Ameca y Juárez Eric I, Ellis Edward A, Rodríguez-Luna Ernesto
Center for Tropical Research, University of Veracruz, Veracruz, México.
Am J Primatol. 2015 Jul;77(7):786-800. doi: 10.1002/ajp.22402. Epub 2015 Apr 2.
Long-term studies quantifying impacts of hurricane activity on growth and trajectory of primate populations are rare. Using a 14-year monitored population of Alouatta palliata mexicana as a study system, we developed a modeling framework to assess the relative contribution of hurricane disturbance and two types of human impacts, habitat loss, and hunting, on quasi-extinction risk. We found that the scenario with the highest level of disturbance generated a 21% increase in quasi-extinction risk by 40 years compared to scenarios of intermediate disturbance, and around 67% increase relative to that found in low disturbance scenarios. We also found that the probability of reaching quasi-extinction due to human disturbance alone was below 1% by 40 years, although such scenarios reduced population size by 70%, whereas the risk of quasi-extinction ranged between 3% and 65% for different scenarios of hurricane severity alone, in absence of human impacts. Our analysis moreover found that the quasi-extinction risk driven by hunting and hurricane disturbance was significantly lower than the quasi-extinction risk posed by human-driven habitat loss and hurricane disturbance. These models suggest that hurricane disturbance has the potential to exceed the risk posed by human impacts, and, in particular, to substantially increase the speed of the extinction vortex driven by habitat loss relative to that driven by hunting. Early mitigation of habitat loss constituted the best method for reducing quasi-extinction risk: the earlier habitat loss is halted, the less vulnerable the population becomes to hurricane disturbance. By using a well-studied population of A. p. mexicana, we help understand the demographic impacts that extreme environmental disturbance can trigger on isolated populations of taxa already endangered in other systems where long-term demographic data are not available. For those experiencing heavy anthropogenic pressure and lacking sufficiently evolved coping strategies against unpredictable environmental disturbance, the risk of population extinction can be exacerbated.
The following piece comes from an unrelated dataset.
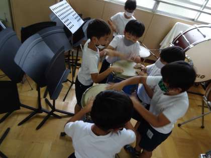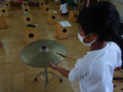 音が鳴るときってどんなとき?音の不思議を見つけに音楽室へ行きました。たくさんの音をきいてまわりました。「たいこをたたいたら振動がきた。」などと気づきがありました。

量化飓风活动对灵长类种群增长和发展轨迹影响的长期研究很少。我们以对墨西哥蛛猴进行了14年监测的种群作为研究系统,开发了一个建模框架,以评估飓风干扰以及栖息地丧失和捕猎这两种人类影响类型对近似灭绝风险的相对贡献。我们发现,与中等干扰情景相比,最高干扰水平情景下,到40年时近似灭绝风险增加了21%,相对于低干扰情景下的风险增加了约67%。我们还发现,仅由人类干扰导致达到近似灭绝的概率到40年时低于1%,尽管这种情景下种群数量减少了70%,而在没有人类影响的情况下,仅不同飓风严重程度情景下的近似灭绝风险在3%至65%之间。此外,我们的分析发现,捕猎和飓风干扰导致的近似灭绝风险显著低于人类导致的栖息地丧失和飓风干扰所带来的近似灭绝风险。这些模型表明,飓风干扰有可能超过人类影响带来的风险,特别是相对于捕猎导致的灭绝漩涡,它会大幅加快由栖息地丧失驱动的灭绝漩涡的速度。早期缓解栖息地丧失是降低近似灭绝风险的最佳方法:栖息地丧失停止得越早,种群对飓风干扰的脆弱性就越小。通过使用对墨西哥蛛猴进行了充分研究的种群,我们有助于理解极端环境干扰对其他系统中已濒危且缺乏长期人口统计数据的分类单元孤立种群可能引发的人口统计学影响。对于那些承受巨大人为压力且缺乏针对不可预测环境干扰充分进化的应对策略的种群来说,种群灭绝的风险可能会加剧。